◆ DATA EXTRACT

((

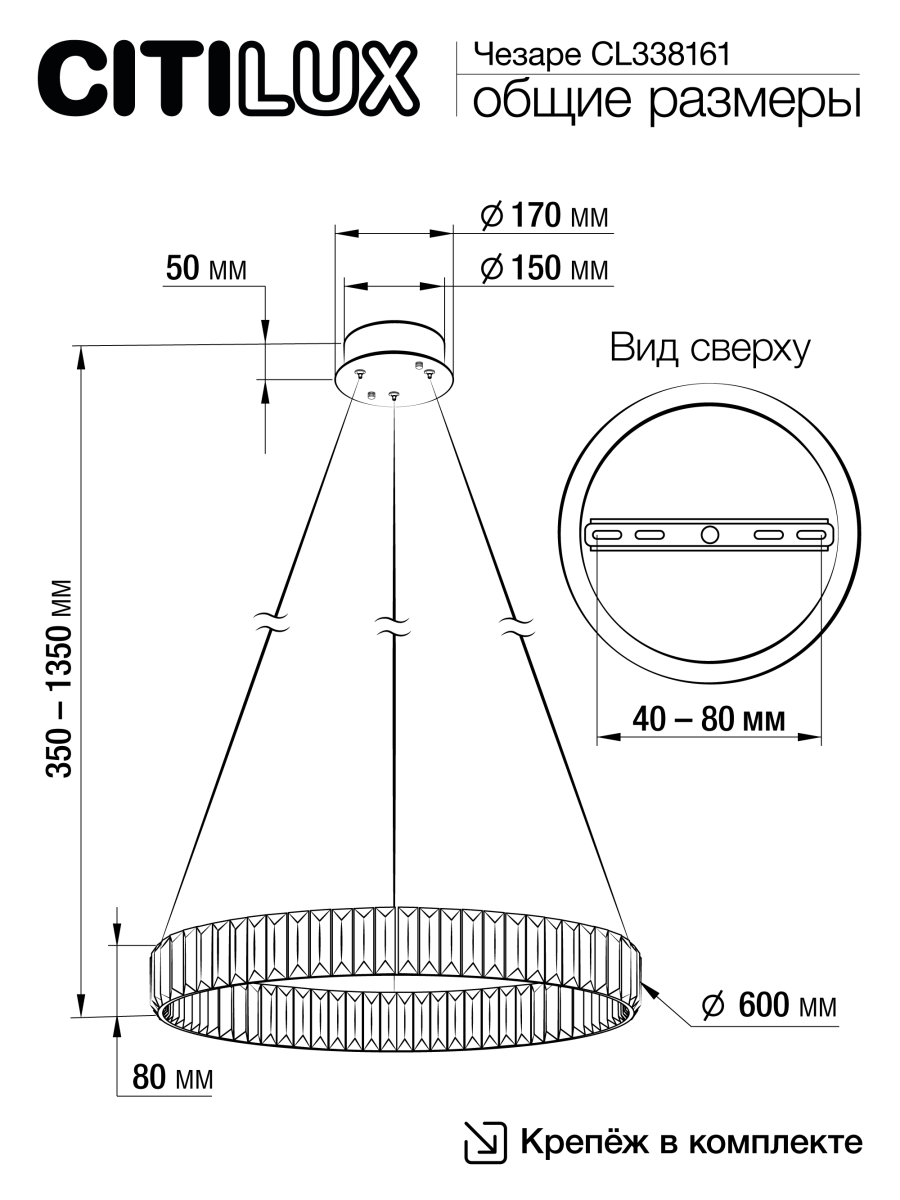 Высота подвесной модели легко регулируется в диапазоне от 35см до 1,35м, что делает ее идеальным решением для помещений с высокими, стандартными и низкими потолками. Диаметр кольца 600мм. Мощность изделия 50Вт, что позволяет ей осветить площадь до 18м², создавая при этом яркое и равномерное освещение.
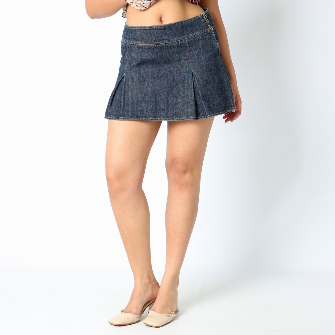 Navy Blue 90s Sisley Denim Mini Skirt Pleated (M)
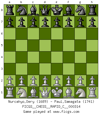 Last move : 0-1 2026 January 30 14:52:15 [Event "FICGS__CHESS__RAPID_C__000314"] [Site "FICGS"] [Date "2025.11.15"] [Round "1"] [White "Nurcahyo,Dery"] [Black "Paul,Samagata"] [Result "0-1"] [WhiteElo "1689"] [BlackElo "1741"] 1.e4 e5 2.Nf3 Nc6 3.Nc3 a6 4.Bc4 h6 5.O-O Bc5 6.d3 d6 7.h3 Nf6 8.a3 O-O 9.b4 Ba7 10.Be3 Nd4 11.Nd5 Nxd5 12.exd5 b5 13.Ba2 f5 14.Nxd4 exd4 15.Bd2 Qf6 16.f4 Bd7 17.Qf3 Rae8 18.Rac1 Bb6 19.c4 Re7 20.c5 Ba7 21.Be1 Re3 22.Qd1 Qg6 23.cxd6 Qxd6 24.Qc2 Bb6 25.Bd2 Rg3 26.Kh2 Rg6 27.Rce1 h5 28.Re2 Re8 29.Rfe1 Kf8 30.Bc1 h4 31.Re5 Rg3 32.Rxe8+ Bxe8 33.Bb2 Qxf4 34.Kh1 Bh5 35.Kg1 Bf3 36.Bc1 Qd6 37.Re6 Qd8 38.Kf1 Bxg2+ 39.Qxg2 Rxg2 40.Kxg2 Qd7 41.Bg5 c6 42.Rxc6 Bd8 43.Bf4 Qe8 44.Re6 Qh5 45.Bd6+ Kg8 46.Bc5 Bf6 47.d6 Kh7 48.Bd5 Qg5+ 49.Kf1 Qc1+ 50.Re1 Qf4+ 51.Ke2 Qe3+ 52.Kd1 Qxd3+ 53.Kc1 Qxa3+ 54.Kd1 Qd3+ 55.Kc1 Bg5+ 0-1 Follow this game move after move (download)We must make sure that Chess will not be like a dead language, very interesting, but for a very small group. (Sytze Faber) Drei Punkte vor allen anderen ist wie einer, der im weißen Anzug posiert, während der Rest in Müllsäcke gekleidet dasteht. (Viktor Kortschnoi) En un gambito tu regalas un Peón por el bién de tomar un juego perdido. (Samuel Standige Boden) Il n'y a pas eu de défaite parce que je ne crois pas que cet ordinateur ait jamais existé. IBM a triché en refusant d'imprimer les modes de recherche de la machine. C'est évident, pendant le match, des coups décisifs ont été joués par des êtres humains. Aujourd'hui, les meilleurs spécialistes en informatique ne peuvent toujours pas expliquer comment Deep-Blue a pu jouer contre la logique des ordinateurs. IBM a gagné une guerre de communication, mais ils sont incapables de prouver que l'ordinateur a gagné tout seul. (Garry Kasparov) The greatest con, that he ever pulled... was making you believe... that he is you. (Revolver, movie)
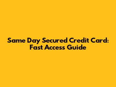 Same Day Secured Credit Card: Fast Access Guide

))

◆ HOW TO COMPLETE THIS TASK
All of the data must be repeated exactly, except for the pictures.

◆ RESULT OF THIS EXERCISE
 Высота подвесной модели легко регулируется в диапазоне от 35см до 1,35м, что делает ее идеальным решением для помещений с высокими, стандартными и низкими потолками. Диаметр кольца 600мм. Мощность изделия 50Вт, что позволяет ей осветить площадь до 18м², создавая при этом яркое и равномерное освещение.
 Navy Blue 90s Sisley Denim Mini Skirt Pleated (M)
 Last move : 0-1 2026 January 30 14:52:15 [Event "FICGS__CHESS__RAPID_C__000314"] [Site "FICGS"] [Date "2025.11.15"] [Round "1"] [White "Nurcahyo,Dery"] [Black "Paul,Samagata"] [Result "0-1"] [WhiteElo "1689"] [BlackElo "1741"] 1.e4 e5 2.Nf3 Nc6 3.Nc3 a6 4.Bc4 h6 5.O-O Bc5 6.d3 d6 7.h3 Nf6 8.a3 O-O 9.b4 Ba7 10.Be3 Nd4 11.Nd5 Nxd5 12.exd5 b5 13.Ba2 f5 14.Nxd4 exd4 15.Bd2 Qf6 16.f4 Bd7 17.Qf3 Rae8 18.Rac1 Bb6 19.c4 Re7 20.c5 Ba7 21.Be1 Re3 22.Qd1 Qg6 23.cxd6 Qxd6 24.Qc2 Bb6 25.Bd2 Rg3 26.Kh2 Rg6 27.Rce1 h5 28.Re2 Re8 29.Rfe1 Kf8 30.Bc1 h4 31.Re5 Rg3 32.Rxe8+ Bxe8 33.Bb2 Qxf4 34.Kh1 Bh5 35.Kg1 Bf3 36.Bc1 Qd6 37.Re6 Qd8 38.Kf1 Bxg2+ 39.Qxg2 Rxg2 40.Kxg2 Qd7 41.Bg5 c6 42.Rxc6 Bd8 43.Bf4 Qe8 44.Re6 Qh5 45.Bd6+ Kg8 46.Bc5 Bf6 47.d6 Kh7 48.Bd5 Qg5+ 49.Kf1 Qc1+ 50.Re1 Qf4+ 51.Ke2 Qe3+ 52.Kd1 Qxd3+ 53.Kc1 Qxa3+ 54.Kd1 Qd3+ 55.Kc1 Bg5+ 0-1 Follow this game move after move (download)We must make sure that Chess will not be like a dead language, very interesting, but for a very small group. (Sytze Faber) Drei Punkte vor allen anderen ist wie einer, der im weißen Anzug posiert, während der Rest in Müllsäcke gekleidet dasteht. (Viktor Kortschnoi) En un gambito tu regalas un Peón por el bién de tomar un juego perdido. (Samuel Standige Boden) Il n'y a pas eu de défaite parce que je ne crois pas que cet ordinateur ait jamais existé. IBM a triché en refusant d'imprimer les modes de recherche de la machine. C'est évident, pendant le match, des coups décisifs ont été joués par des êtres humains. Aujourd'hui, les meilleurs spécialistes en informatique ne peuvent toujours pas expliquer comment Deep-Blue a pu jouer contre la logique des ordinateurs. IBM a gagné une guerre de communication, mais ils sont incapables de prouver que l'ordinateur a gagné tout seul. (Garry Kasparov) The greatest con, that he ever pulled... was making you believe... that he is you. (Revolver, movie)
 Same Day Secured Credit Card: Fast Access Guide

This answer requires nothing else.